Exercise details - Copy, exactly and without additions, every line in the records below from the one holding "7-Card Lot Vintage" through the one holding "夕食。寒さに当たって甘くなってる旬の大根と", both ends included.

Exercise input -
- - -
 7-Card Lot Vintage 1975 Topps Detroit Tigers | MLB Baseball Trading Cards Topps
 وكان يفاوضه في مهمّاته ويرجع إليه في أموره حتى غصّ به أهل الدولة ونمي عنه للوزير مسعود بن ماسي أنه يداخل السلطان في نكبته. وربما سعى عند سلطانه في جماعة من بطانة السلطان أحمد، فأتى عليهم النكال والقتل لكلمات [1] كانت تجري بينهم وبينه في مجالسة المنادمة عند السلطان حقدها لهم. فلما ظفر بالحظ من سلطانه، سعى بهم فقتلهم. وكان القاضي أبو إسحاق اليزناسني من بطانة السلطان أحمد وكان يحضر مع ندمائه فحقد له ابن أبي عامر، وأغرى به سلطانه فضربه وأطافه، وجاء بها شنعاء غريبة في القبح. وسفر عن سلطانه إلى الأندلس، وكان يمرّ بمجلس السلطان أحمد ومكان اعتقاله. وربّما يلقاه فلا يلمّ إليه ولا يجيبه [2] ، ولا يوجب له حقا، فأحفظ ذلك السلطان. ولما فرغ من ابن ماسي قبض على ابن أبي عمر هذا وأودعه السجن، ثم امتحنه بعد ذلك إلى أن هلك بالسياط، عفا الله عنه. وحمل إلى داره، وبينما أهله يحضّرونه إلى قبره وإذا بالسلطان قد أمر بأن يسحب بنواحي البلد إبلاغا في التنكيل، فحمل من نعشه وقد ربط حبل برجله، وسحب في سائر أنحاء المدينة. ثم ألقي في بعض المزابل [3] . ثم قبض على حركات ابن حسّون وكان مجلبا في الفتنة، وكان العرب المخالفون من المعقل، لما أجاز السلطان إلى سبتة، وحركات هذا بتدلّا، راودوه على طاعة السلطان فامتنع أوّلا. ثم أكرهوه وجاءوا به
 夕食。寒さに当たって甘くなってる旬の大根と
- - -
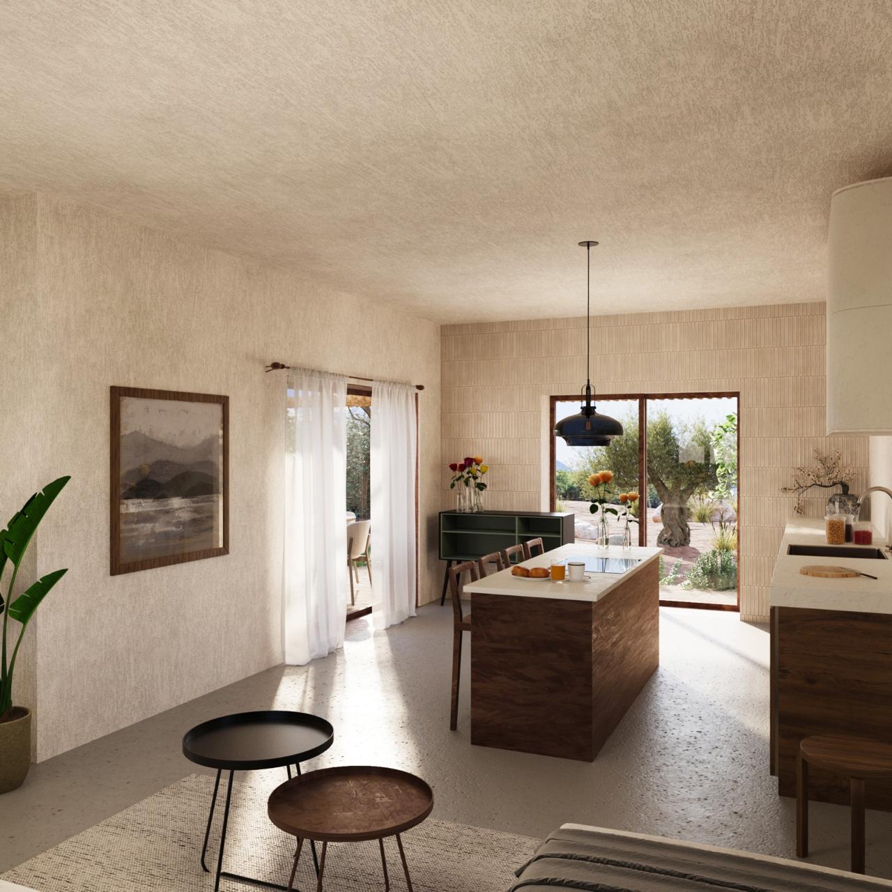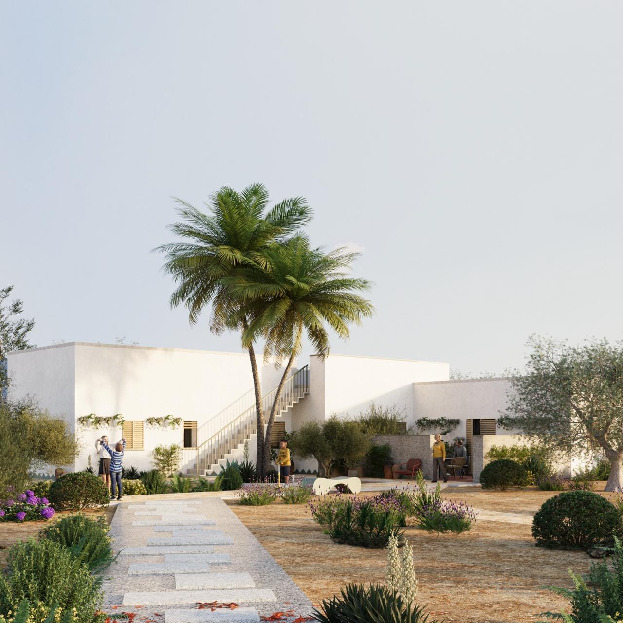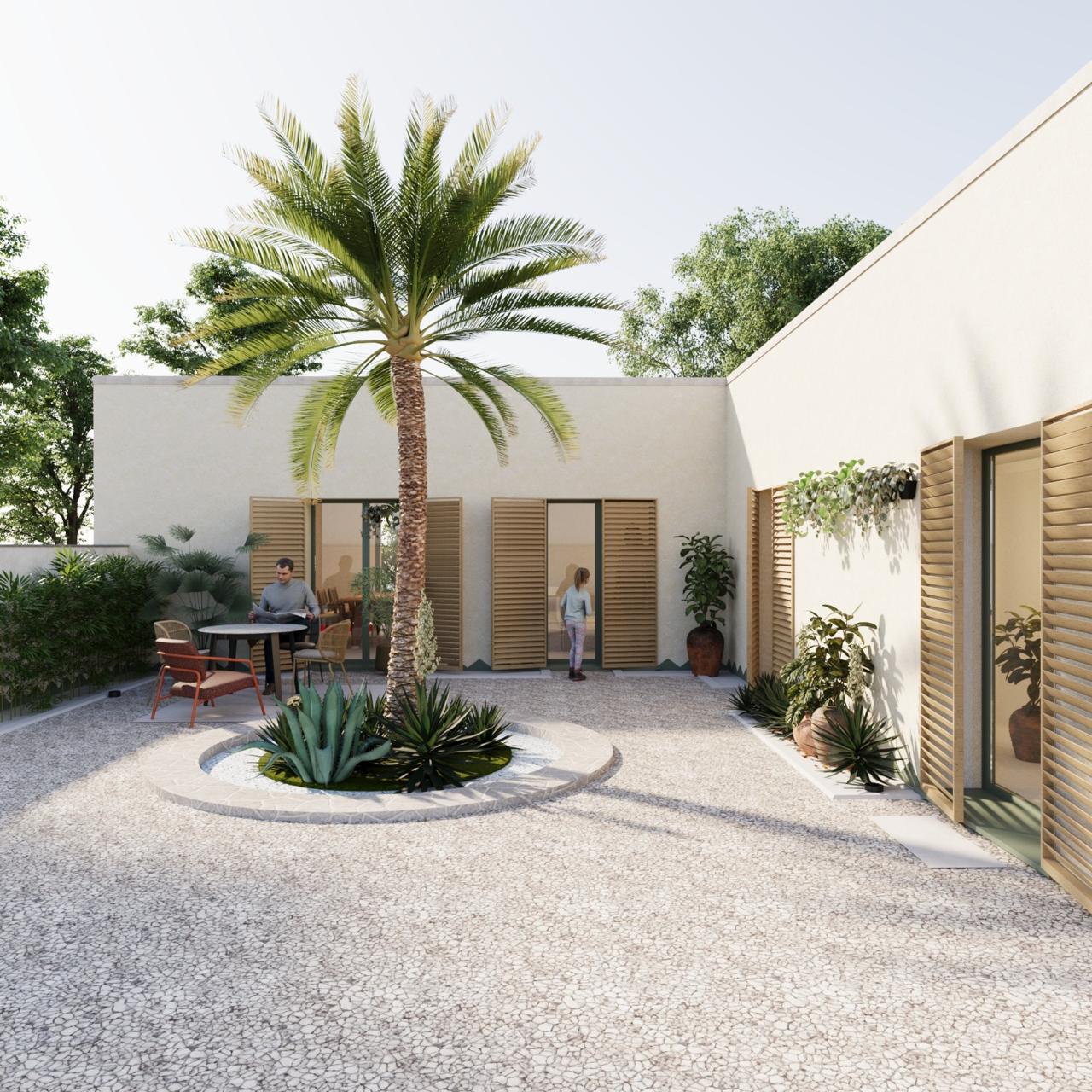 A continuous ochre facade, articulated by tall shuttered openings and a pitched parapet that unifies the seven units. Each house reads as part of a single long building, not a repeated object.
- - -
Output for this exercise -
 7-Card Lot Vintage 1975 Topps Detroit Tigers | MLB Baseball Trading Cards Topps
 وكان يفاوضه في مهمّاته ويرجع إليه في أموره حتى غصّ به أهل الدولة ونمي عنه للوزير مسعود بن ماسي أنه يداخل السلطان في نكبته. وربما سعى عند سلطانه في جماعة من بطانة السلطان أحمد، فأتى عليهم النكال والقتل لكلمات [1] كانت تجري بينهم وبينه في مجالسة المنادمة عند السلطان حقدها لهم. فلما ظفر بالحظ من سلطانه، سعى بهم فقتلهم. وكان القاضي أبو إسحاق اليزناسني من بطانة السلطان أحمد وكان يحضر مع ندمائه فحقد له ابن أبي عامر، وأغرى به سلطانه فضربه وأطافه، وجاء بها شنعاء غريبة في القبح. وسفر عن سلطانه إلى الأندلس، وكان يمرّ بمجلس السلطان أحمد ومكان اعتقاله. وربّما يلقاه فلا يلمّ إليه ولا يجيبه [2] ، ولا يوجب له حقا، فأحفظ ذلك السلطان. ولما فرغ من ابن ماسي قبض على ابن أبي عمر هذا وأودعه السجن، ثم امتحنه بعد ذلك إلى أن هلك بالسياط، عفا الله عنه. وحمل إلى داره، وبينما أهله يحضّرونه إلى قبره وإذا بالسلطان قد أمر بأن يسحب بنواحي البلد إبلاغا في التنكيل، فحمل من نعشه وقد ربط حبل برجله، وسحب في سائر أنحاء المدينة. ثم ألقي في بعض المزابل [3] . ثم قبض على حركات ابن حسّون وكان مجلبا في الفتنة، وكان العرب المخالفون من المعقل، لما أجاز السلطان إلى سبتة، وحركات هذا بتدلّا، راودوه على طاعة السلطان فامتنع أوّلا. ثم أكرهوه وجاءوا به
 夕食。寒さに当たって甘くなってる旬の大根と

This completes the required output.